WHAT YOU SHOULD DO: Repeat, line for line, only the span that opens at the "KARBONOWE OBUDOWY LUSTEREK" line and closes at the final line below. Skip the pictures.

Entries taken from a collection:
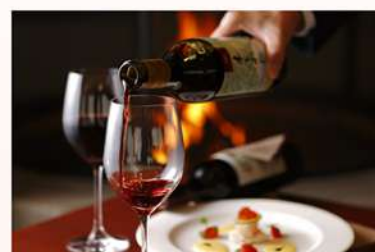
季節のお料理に合わせた厳選ワインもお楽しみください

オープンキッチンスタイルで、お客様から作り手の顔が見える温かみを大切にしています
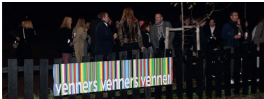
Først når alle hadde kommet sammen på Eventyrplassen, fikk vi vite hvor avslutningsfes- ten skulle avholdes.

Stemningen blir enda mer løsslup- pen her, og om det skyldes det noe mer ungdommelige vertskapet, litt forhøyet
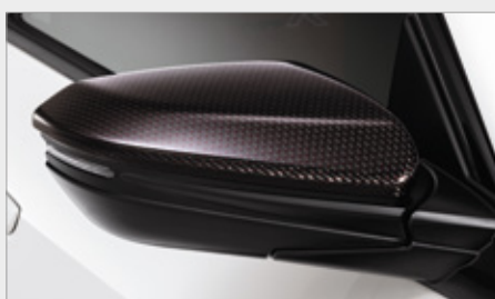
KARBONOWE OBUDOWY LUSTEREK
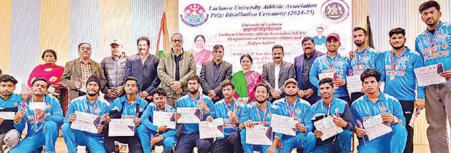
लखनऊ विश्वविद्यालय के एपी सेन सभागार में एथलेटिक्स एसोसिएशन द्वारा सम्मानित किए गए खिलाड़ी।

ANSWER TO THIS EXERCISE:
KARBONOWE OBUDOWY LUSTEREK
लखनऊ विश्वविद्यालय के एपी सेन सभागार में एथलेटिक्स एसोसिएशन द्वारा सम्मानित किए गए खिलाड़ी।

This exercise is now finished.